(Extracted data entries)
>>>>>
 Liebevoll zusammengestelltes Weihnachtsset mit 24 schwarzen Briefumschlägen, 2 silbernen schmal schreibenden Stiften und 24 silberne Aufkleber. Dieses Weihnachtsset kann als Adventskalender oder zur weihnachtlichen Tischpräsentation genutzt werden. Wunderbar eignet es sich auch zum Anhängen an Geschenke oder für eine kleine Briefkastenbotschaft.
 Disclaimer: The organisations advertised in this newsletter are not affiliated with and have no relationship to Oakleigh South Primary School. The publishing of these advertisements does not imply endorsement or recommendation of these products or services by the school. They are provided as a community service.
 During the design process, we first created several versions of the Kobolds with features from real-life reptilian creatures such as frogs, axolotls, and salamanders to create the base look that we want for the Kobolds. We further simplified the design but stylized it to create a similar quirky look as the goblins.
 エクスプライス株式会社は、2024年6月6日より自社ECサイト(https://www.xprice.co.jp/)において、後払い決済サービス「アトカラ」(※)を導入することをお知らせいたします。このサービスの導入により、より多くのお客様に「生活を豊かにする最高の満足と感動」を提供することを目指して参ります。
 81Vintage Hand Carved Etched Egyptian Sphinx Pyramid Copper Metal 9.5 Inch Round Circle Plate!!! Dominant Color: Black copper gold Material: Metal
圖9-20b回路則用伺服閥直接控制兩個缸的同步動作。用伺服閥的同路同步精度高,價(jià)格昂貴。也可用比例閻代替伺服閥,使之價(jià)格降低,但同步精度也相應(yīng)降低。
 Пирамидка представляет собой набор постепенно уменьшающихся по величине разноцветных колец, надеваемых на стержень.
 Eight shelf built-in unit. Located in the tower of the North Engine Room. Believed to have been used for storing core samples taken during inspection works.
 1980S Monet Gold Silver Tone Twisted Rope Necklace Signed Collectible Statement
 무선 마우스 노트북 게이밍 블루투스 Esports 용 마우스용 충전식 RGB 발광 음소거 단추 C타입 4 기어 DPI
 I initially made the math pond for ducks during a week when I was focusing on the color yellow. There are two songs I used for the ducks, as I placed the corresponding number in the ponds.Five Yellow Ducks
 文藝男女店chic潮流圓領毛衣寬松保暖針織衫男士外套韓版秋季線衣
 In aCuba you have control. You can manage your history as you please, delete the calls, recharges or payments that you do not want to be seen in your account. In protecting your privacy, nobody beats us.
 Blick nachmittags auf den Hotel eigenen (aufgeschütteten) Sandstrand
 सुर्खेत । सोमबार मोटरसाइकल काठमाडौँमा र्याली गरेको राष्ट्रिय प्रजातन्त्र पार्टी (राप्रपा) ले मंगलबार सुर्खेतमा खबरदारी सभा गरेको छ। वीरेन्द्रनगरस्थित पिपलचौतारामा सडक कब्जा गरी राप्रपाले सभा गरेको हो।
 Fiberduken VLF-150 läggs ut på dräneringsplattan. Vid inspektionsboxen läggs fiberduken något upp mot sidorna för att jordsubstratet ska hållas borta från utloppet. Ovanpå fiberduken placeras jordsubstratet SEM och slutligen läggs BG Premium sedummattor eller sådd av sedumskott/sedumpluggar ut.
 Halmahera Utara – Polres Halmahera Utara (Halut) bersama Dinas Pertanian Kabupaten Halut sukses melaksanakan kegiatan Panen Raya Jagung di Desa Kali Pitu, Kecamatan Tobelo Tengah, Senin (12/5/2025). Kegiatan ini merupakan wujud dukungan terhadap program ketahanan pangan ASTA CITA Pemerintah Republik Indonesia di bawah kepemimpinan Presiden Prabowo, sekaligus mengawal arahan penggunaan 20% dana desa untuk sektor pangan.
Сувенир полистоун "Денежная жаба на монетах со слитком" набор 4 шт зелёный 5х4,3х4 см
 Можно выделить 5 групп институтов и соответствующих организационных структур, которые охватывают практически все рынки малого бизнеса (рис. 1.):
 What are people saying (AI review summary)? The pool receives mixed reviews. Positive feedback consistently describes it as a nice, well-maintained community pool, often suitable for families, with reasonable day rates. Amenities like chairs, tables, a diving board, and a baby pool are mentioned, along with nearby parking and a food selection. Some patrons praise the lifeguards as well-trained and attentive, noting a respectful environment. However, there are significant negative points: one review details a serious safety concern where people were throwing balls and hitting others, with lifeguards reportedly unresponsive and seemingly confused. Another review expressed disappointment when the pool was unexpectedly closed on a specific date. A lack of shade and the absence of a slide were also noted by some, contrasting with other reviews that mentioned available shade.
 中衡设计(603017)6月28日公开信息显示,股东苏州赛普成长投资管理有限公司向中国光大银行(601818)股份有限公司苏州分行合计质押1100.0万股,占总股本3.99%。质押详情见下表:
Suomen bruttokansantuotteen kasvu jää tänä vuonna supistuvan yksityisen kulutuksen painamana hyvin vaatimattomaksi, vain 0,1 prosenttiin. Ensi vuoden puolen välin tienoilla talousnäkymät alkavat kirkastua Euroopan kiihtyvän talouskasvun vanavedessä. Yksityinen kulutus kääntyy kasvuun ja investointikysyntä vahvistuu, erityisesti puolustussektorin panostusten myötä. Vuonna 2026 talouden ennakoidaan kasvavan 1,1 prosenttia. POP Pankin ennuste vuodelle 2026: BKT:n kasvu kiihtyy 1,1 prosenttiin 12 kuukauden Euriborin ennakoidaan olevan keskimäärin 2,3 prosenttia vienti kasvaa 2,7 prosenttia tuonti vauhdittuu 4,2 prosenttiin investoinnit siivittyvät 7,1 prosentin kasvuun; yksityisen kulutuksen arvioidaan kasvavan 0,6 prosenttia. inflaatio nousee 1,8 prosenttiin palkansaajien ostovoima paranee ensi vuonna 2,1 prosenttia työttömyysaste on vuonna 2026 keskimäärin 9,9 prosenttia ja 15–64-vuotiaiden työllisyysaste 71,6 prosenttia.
<<<<<
* What the exercise asks *
Taking the entries above, write out exactly each line from the one holding "エクスプライス株式会社は、2" to the one holding "무선 마우스 노트북 게이밍", both included, and stop there.

* Solution to this problem *
 エクスプライス株式会社は、2024年6月6日より自社ECサイト(https://www.xprice.co.jp/)において、後払い決済サービス「アトカラ」(※)を導入することをお知らせいたします。このサービスの導入により、より多くのお客様に「生活を豊かにする最高の満足と感動」を提供することを目指して参ります。
 81Vintage Hand Carved Etched Egyptian Sphinx Pyramid Copper Metal 9.5 Inch Round Circle Plate!!! Dominant Color: Black copper gold Material: Metal
圖9-20b回路則用伺服閥直接控制兩個缸的同步動作。用伺服閥的同路同步精度高,價(jià)格昂貴。也可用比例閻代替伺服閥,使之價(jià)格降低,但同步精度也相應(yīng)降低。
 Пирамидка представляет собой набор постепенно уменьшающихся по величине разноцветных колец, надеваемых на стержень.
 Eight shelf built-in unit. Located in the tower of the North Engine Room. Believed to have been used for storing core samples taken during inspection works.
 1980S Monet Gold Silver Tone Twisted Rope Necklace Signed Collectible Statement
 무선 마우스 노트북 게이밍 블루투스 Esports 용 마우스용 충전식 RGB 발광 음소거 단추 C타입 4 기어 DPI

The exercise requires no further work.